Our informatics analyses strongly suggested the presence of an exomer complex at work along the whole fungal lineage. In order to test this hypothesis, we heterologously expressed the N-terminal part of the Chs5 genes from several fungi including the basidiomycete Ustilago maydis and the zygomycete Mucor circinelloides in S. cerevisiae cells deleted for CHS5. Taking into account that the N-terminal part of Chs5 (ScChs5*) is functional29, we amplified this fragment by PCR from S. cerevisiae, Kluyveromyces lactis, Candida albicans, U. maydis and M. circinelloides (see Supplementary Fig. S1), cloned them, fused to a GFP-tag at their C-terminus, and expressed the resulting fusion proteins under the strong pGAL1 promoter in S. cerevisiae.

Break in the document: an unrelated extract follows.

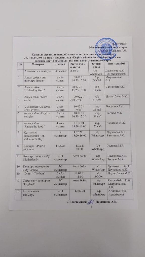 2021 жылы 5 тамызда ағылшын тілі мұғалімі Тогаева Мира Казбековна мектеп оқушыларымен «Ағылшын балаларының сүйікті ертегілері мен кейіпкерлері» тақырыбында сабақ өткізді.

The localization of the proteins was assessed by fluorescence microscopy after one and three hours of expression (Fig. 5). The proteins ScChs5*, KlChs5* and CaChs5* were neatly visualized as intracellular spots after one hour, showing a strong co-localization with the TGN marker Sec. 7-mR2 (Table 1) suggestive of its correct assembly. Overexpression for three hours of both U. maydis and M. circinelloides Chs5 N-terminal fragments, lead to the formation of discrete intracellular foci that, however, did not co-localized with Sec. 7-mR2 (Fig. 5A), a result that questions the nature of these foci.

Figure 5
figure 5

Heterologous expression of N-terminal fragments of CHS5 from diverse fungal lineages: S. cerevisiae (ScChs5*), K. lactis (KlChs5*), C. albicans (CaChs5*), U. maydis (UmChs5*) and M. circinelloides (McChs5*). (A) Localization of N-terminal fragments of Chs5 from the indicated proteins tagged with GFP and co-localization of these fragments with the TGN marker Sec. 7-mRuby2. Images were acquired after induction in galactose media for the indicated times. (B) Co-localization of heterologously expressed versions of Chs5 with the Chs6 ChAP. The plasmids containing the indicated version of Chs5* were transformed in a S. cerevisiae chs5∆ mutant with a chromosomally tagged version of CHS6 (CHS6-mCherry). Proteins were expressed in galactose media for one hour as indicated. Note the apparent co-localization of green and red signals in some strains, indicative of an effective recruitment of Chs6-mCh from the cytoplasm by the heterologous expressed Chs5* fragments. (C) Complementation of the chs5∆ phenotypes by the heterologous expressed proteins. Note the alleviation of some phenotypes upon overexpression on galactose media. Overexpression of McChs5*-GFP showed deleterious effects on growth, therefore the complementation test is unreliable. All test were preformed in a S. cerevisiae chs5∆ strain grown overnight in raffinose media and later plated directly on galactose plates after appropriated dilution. See text and Table 1 for additional details on the interpretation of the Figure.

Table 1 Analysis of N-terminal fragments of Chs5 from different fungal origins expressed under GAL1 promoter.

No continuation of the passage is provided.